* _Work instructions_
Once you find the line with "7.5mm x 7mm" in the entries below, print it and each line after it up to and including the line with "Aerial view of", exactly, without pictures.

* _Material shown_
------------------------------------------------------------

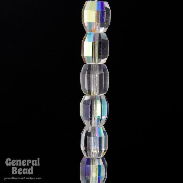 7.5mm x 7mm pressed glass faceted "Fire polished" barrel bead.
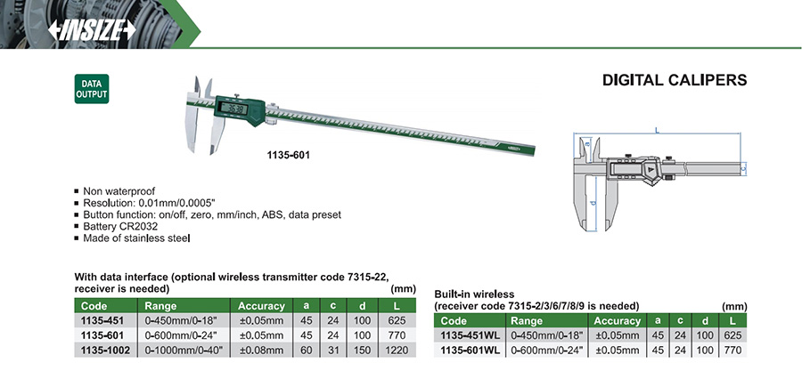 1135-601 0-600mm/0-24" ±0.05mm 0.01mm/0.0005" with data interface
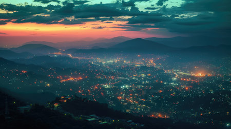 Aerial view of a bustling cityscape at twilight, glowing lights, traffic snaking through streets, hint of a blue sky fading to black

------------------------------------------------------------

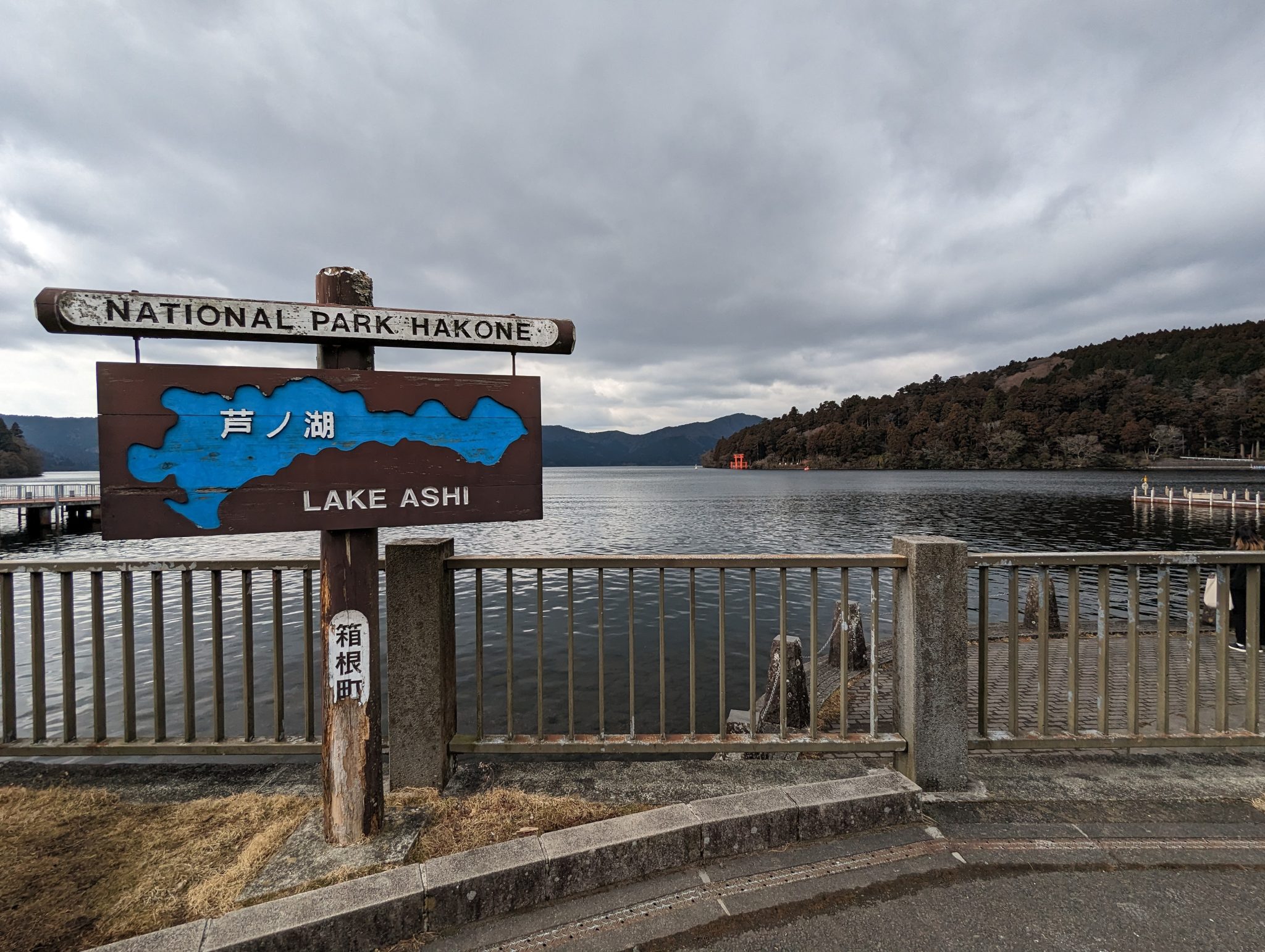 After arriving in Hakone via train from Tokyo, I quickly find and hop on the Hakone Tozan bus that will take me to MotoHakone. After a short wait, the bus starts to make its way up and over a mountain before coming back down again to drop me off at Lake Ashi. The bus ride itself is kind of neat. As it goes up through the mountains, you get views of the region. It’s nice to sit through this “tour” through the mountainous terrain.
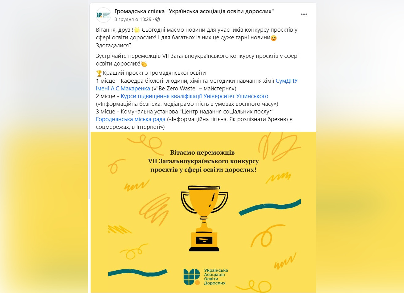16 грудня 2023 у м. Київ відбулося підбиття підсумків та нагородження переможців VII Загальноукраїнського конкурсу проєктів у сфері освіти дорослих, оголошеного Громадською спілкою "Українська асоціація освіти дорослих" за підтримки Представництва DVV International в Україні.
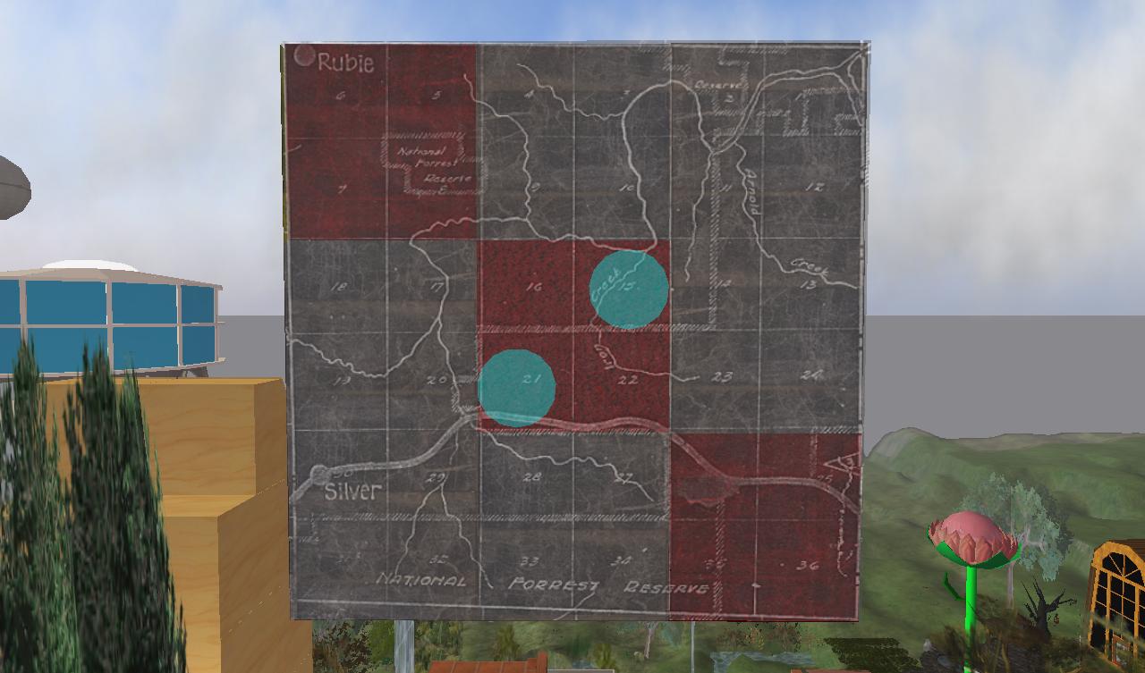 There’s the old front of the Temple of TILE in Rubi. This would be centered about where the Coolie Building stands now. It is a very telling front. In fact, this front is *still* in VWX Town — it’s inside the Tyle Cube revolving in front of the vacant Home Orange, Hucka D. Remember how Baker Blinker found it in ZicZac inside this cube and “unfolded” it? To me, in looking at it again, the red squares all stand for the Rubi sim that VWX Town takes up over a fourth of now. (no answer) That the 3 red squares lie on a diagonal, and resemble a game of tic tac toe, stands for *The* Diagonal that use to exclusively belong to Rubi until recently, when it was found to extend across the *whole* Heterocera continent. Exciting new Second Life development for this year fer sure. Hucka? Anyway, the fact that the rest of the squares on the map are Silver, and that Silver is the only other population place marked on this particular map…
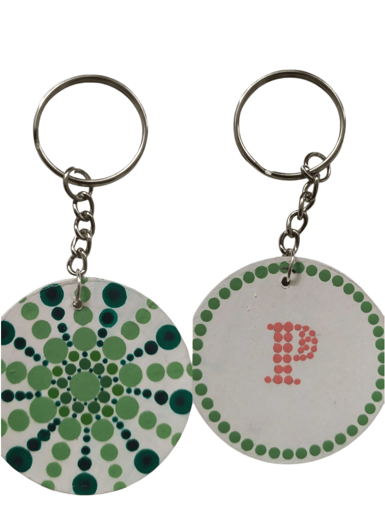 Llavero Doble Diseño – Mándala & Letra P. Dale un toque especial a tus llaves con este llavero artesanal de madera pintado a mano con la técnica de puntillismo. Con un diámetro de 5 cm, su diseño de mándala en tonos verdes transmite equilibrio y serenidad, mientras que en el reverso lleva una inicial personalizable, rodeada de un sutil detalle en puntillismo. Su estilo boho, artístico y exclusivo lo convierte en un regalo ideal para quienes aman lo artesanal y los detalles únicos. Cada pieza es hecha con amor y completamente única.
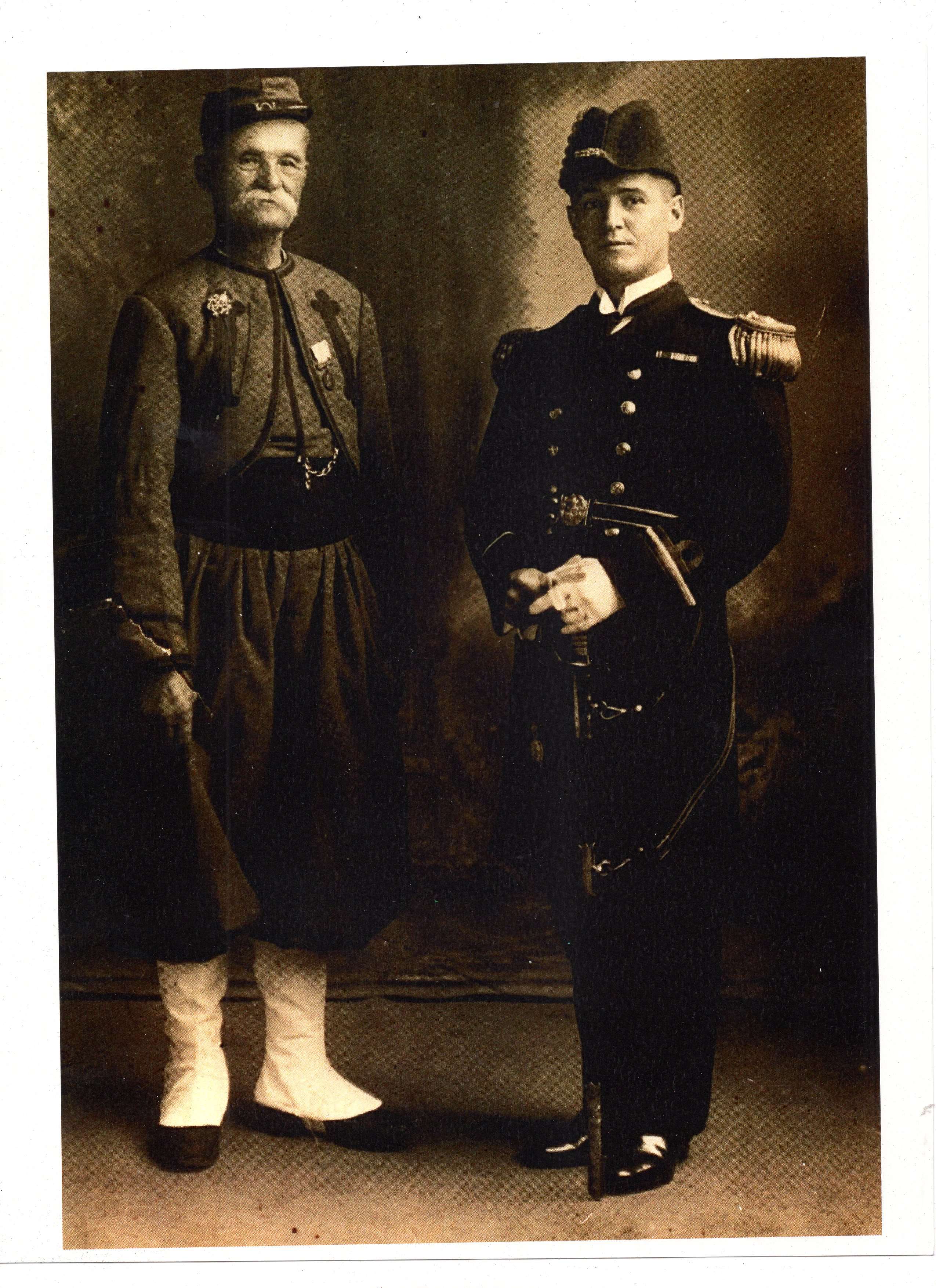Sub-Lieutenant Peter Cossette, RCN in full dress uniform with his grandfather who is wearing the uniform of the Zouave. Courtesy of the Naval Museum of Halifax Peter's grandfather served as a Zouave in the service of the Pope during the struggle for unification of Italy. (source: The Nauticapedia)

------------------------------------------------------------

* _Your response_
 7.5mm x 7mm pressed glass faceted "Fire polished" barrel bead.
 1135-601 0-600mm/0-24" ±0.05mm 0.01mm/0.0005" with data interface
 Aerial view of a bustling cityscape at twilight, glowing lights, traffic snaking through streets, hint of a blue sky fading to black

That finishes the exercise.